AxoSyslog is the cloud-native distribution of syslog-ng, which has a long history of being a trusted tool that provides unprecedented performance, stability, and flexibility when deployed in a collector, processor, or aggregator role.

Let’s quickly review the common ways used to transport log data!

The traditional way

“It’s an old code sir, but it checks out.”

Syslog is an old and admittedly problematic protocol, but it’s still the most widely used way to transport log data, especially in on-premises environments. So, first review the pros and cons of transporting syslog formatted events.

Ingest large volume of data with OpenTelemetry and AxoSyslog

The Good

Syslog offers several advantages that make it a widely adopted choice in many network environments. One significant benefit is its simplicity. Syslog provides a straightforward and easy-to-implement protocol for sending data from various devices and applications to a server. This simplicity makes it accessible and manageable for administrators and developers across different platforms and systems.

The syslog format is standardized (more on this later) and is widely supported from carrier-grade to IoT devices, making it a ubiquitous solution for log transport in diverse network architectures. Its widespread adoption ensures compatibility and interoperability across different logging systems and applications.

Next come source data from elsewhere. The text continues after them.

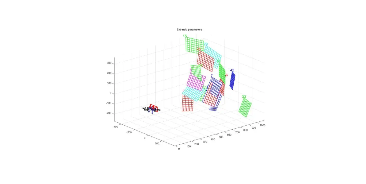 (5)双目相机的空间位置和标定平面可以可视化,通过点击按键"Show Extrinsics of the rig"。
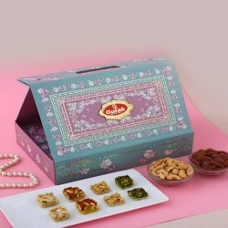 This gift pack contains:� Anjeer Chocolate Ladoo� Butter Scotch Ladoo� Golden Ladoo� Rose Ladoo� Purple LadooCreate special moments with this Delicious Assorted Ladoo Gift Hamper when you are together with your loved ones.
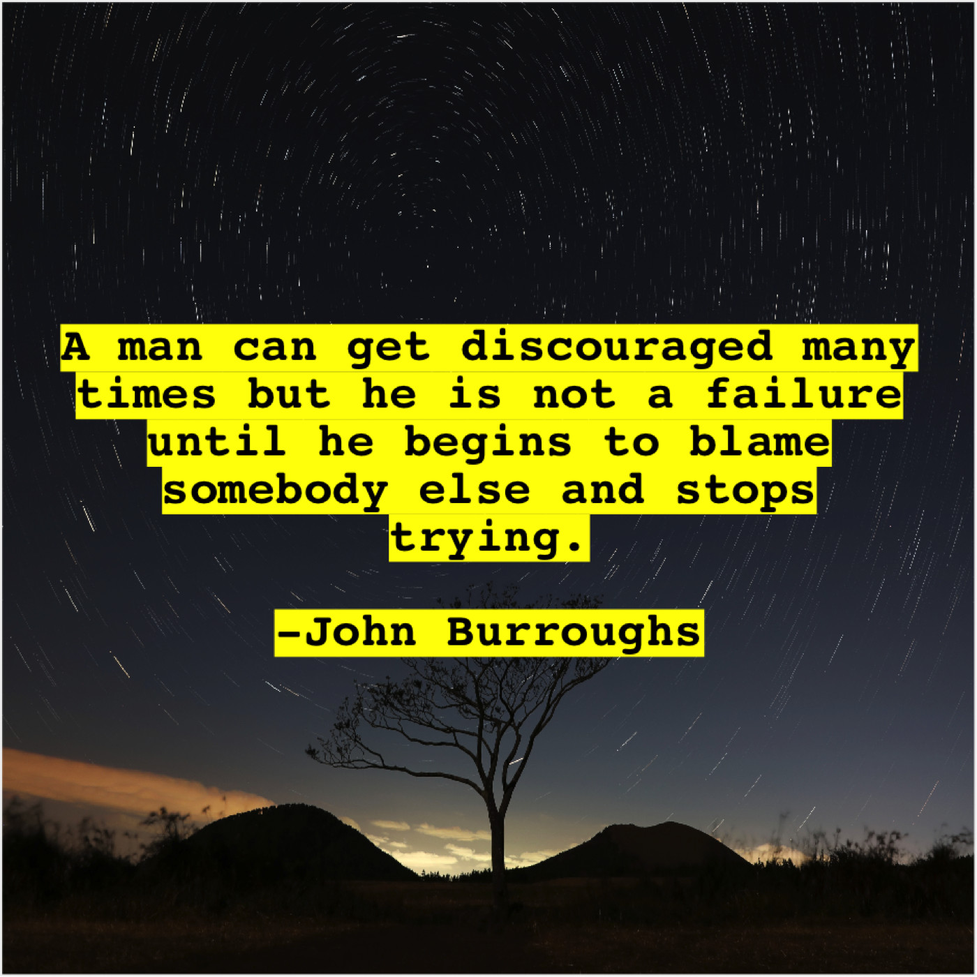 John Burroughs John Burroughs – A man can get discouraged… October 30, 2018 admin “A man can get discouraged many times but he is not a failure until he begins to blame somebody else and stops trying.”-John Burroughs
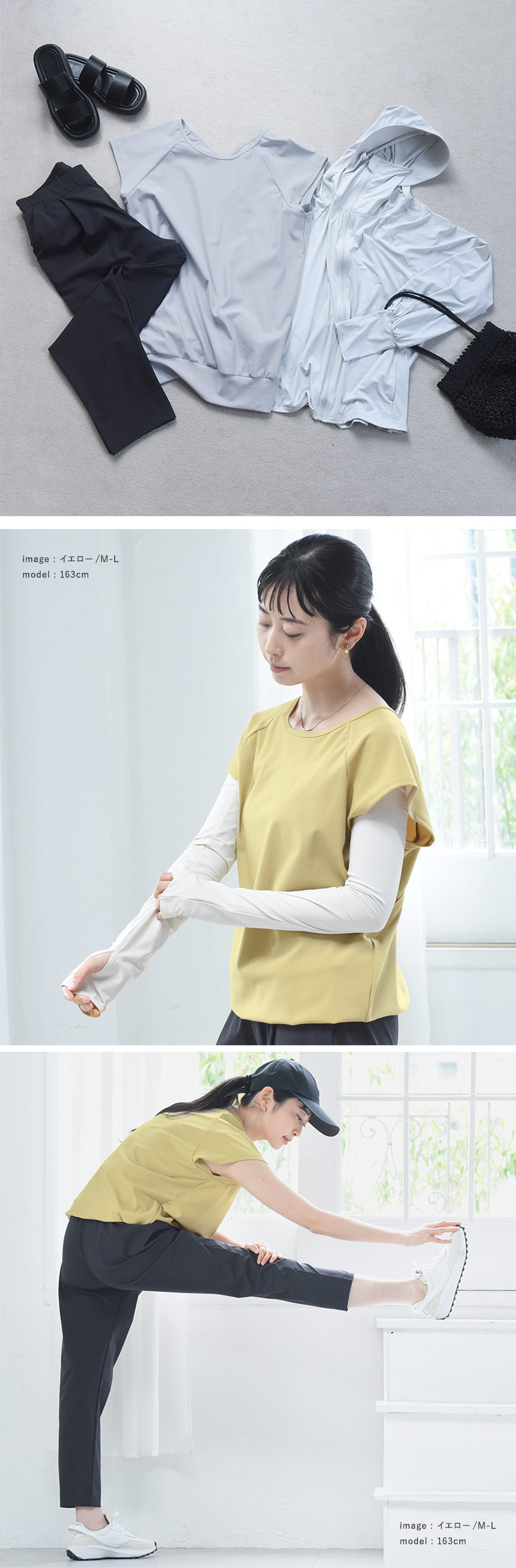 汗を吸って素早く乾かす「吸汗速乾」、ひんやり心地良い「接触冷感」など、暑い時期の運動時にうれしい機能つき。

Transporting logs in standardized syslog format imposes minimal boilerplate and overhead, allowing for efficient transmission of log data without unnecessary computational or network resource consumption. This approach helps to optimize performance and minimize latency, crucial factors in real-time log monitoring and analysis.

The Bad

Syslog protocol is designed for local networks where the client and server are ideally a few – optimally one – hop away from each other. The main problem is that it doesn’t support application layer acknowledgement, even if TCP transport is used. This means that while the sender side might believe the message was successfully transported – because it has received a TCP [ACK] – the log could remain in the receiver side’s kernel buffer, or could be in-flight in memory only, vulnerable to loss if the application shuts down or crashes unexpectedly (read more about detecting packet loss). The absence of confirmation at the application layer introduces potential failure and hidden data loss in the logging process. It isn’t enough to know that the server received the log, it should ensure the data is forwarded or persisted successfully. The chance of a failure increases with the number of Layer 4 devices in the path.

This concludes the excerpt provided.